A brief look of fear crossed the woman's pretty face, but fear quickly turned to curiosity, and then to recognition.  "Oh, my.  Can this be true?  Elton Chase?  After all these years.  And I can still see the boy in you."

"I think not.  It's been a very long time since I've been a boy."

"Oh, it has, hasn't it?  It's been a long time for everything.  Imagine us meeting like this in our old age.  Such a coincidence."

"Maybe not such," he said.  "I walk here in the park every night.  I live right across the street in the Rosedale Seniors House."

"Why so do I.  For a month I've lived there."

They both looked across the park at the four story red-brick building on the other side of the avenue.

"Then it's not such a coincidence, is it?" Elton said.  "I took an apartment there because I thought it would be some kind of comfort to live in a building that had once been our high school.  Is that maybe why you live there?"

"Not exactly,"  Dorothy smiled at him affectionately.  "It was my daughter Margaret's doing," she explained.  "I was living with her until she started her second marriage.  Her first marriage had ended very badly, and I did not want to be an impediment her second time around.  Margaret knew that Rosedale High School had been converted to apartments for seniors, and she thought I would like the idea.  And I do."

"Well I'm very glad you're here.  It's a joy to see you again."

"And you too, Elton."

"Dorothy, do you remember that party at Betsy MacFarlane's house?  We were just kids.  And we played that silly game."

"Oh, yes, I certainly remember that.  It was called 'We Dare You'.

"Right.
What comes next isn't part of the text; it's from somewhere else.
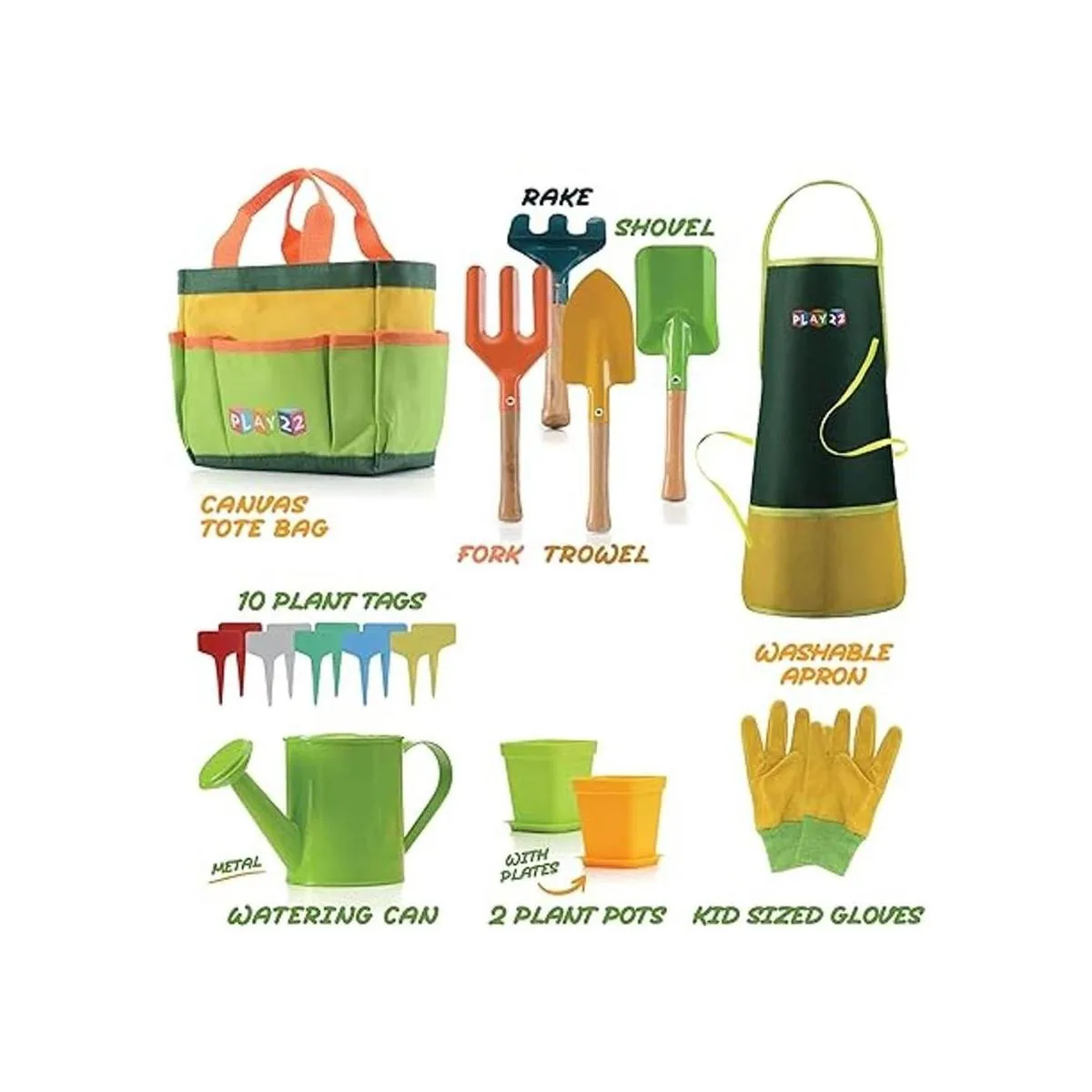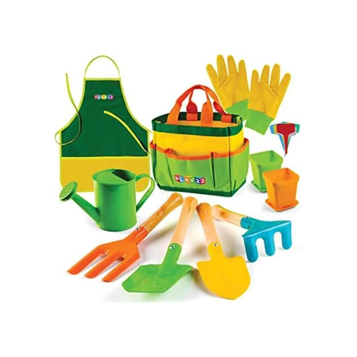 Play22 Juego de herramientas de jardinería para niños, 12 piezas, herramientas de jardinería para niños, pala, paleta de tenedor de rastrillo, delantal, guantes, regadera y bolsa de mano, herramientas de jardinería de madera para niños, mejores juguetes al aire libre, regalo para niños y niñas

And the other kids voted that you and I should do a joint dare.  I was ordered to kiss you in front of all of them.  Remember?"

Dorothy nodded.

"Well, it may seem bizarre, but I think about that challenge just about every day.  And I regret very much that I did not kiss you when I had the chance.  Everything might have turned out differently if I had."
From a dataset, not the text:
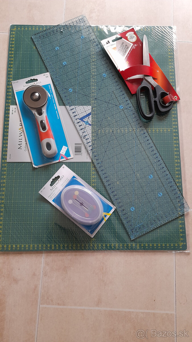 Set: rezacia podložka 60x45 cm,rezač na látky Milward priemer 60 mm, magnetický ihelníček, pravítko 15x60 cm,nožnice Kai japonská kvalita 21 cm- spolu 60€.

"But you did kiss me, Elton."

"That was no kiss.  That was just a quick peck on the cheek.  I mean I should have really kissed you.  Like a man kisses a woman."

"Elton, we were only sixteen."

"We were old enough."

        "Perhaps."

"I didn't dare kiss you.  Because I was afraid you might resist me, or even scream."

"Now you know that wasn't the reason," she replied gently.  "It was just that you were too shy.  And I certainly wouldn't have gotten upset.  Actually I was disappointed that you didn't kiss me like a man kisses a woman.  It would have been my first time too."

"If I had only known that," he lamented.

"Kiss me now, Elton.  Kiss me like a man kisses a woman."

What?  Why that would be so ridiculous.  I'm an old man and she's an old woman.

And yet!  He suddenly felt those long-inactive juices tingling in his body.

"Close your eyes," Dorothy said.  "Please.  Just for a moment."

Elton closed his eyes.

"Now open them, dear Elton.  And you will see me as the girl I once was, just as I now see you as the handsome boy you were."

Elton opened his eyes and gazed at the beautiful teenager girl with long sandy hair and the wonderful brown eyes that could pull a guy's heart out of his chest.

"Kiss me now, Elton.  Kiss me like a man kisses a woman."

The jogger arrived at dawn, just as the light of day was  seeping into the park.  He had only begun his trot along the rotary pavement when he saw the couple on a bench far down the path.  They appeared to be locked in a passionate embrace.

When the jogger reached the bench, he gasped at its occupants, and immediately pulled out his cell phone.

The police arrived quickly.

"I don't understand it," the sergeant said to the other officer. "This boy can't be more than seventeen. And the girl about the same.  For a couple of kids to die just like that.  And no signs of violence.  And look at the way they're dressed.  The boy's wearing mouse-trap shoes for god's sake."

"Well, what do you think of this, sergeant?"  The other officer handed him the driver's license that he had removed from the boy's sport jacket.

"Date of birth is March 11,1940," the sergeant said as he studied the license and noted that the photo was of an elderly man. "This kid had no ID of his own, but I can see a strong resemblance to the old man.  Guess he must have snatched his grandfather's license, don't you think?"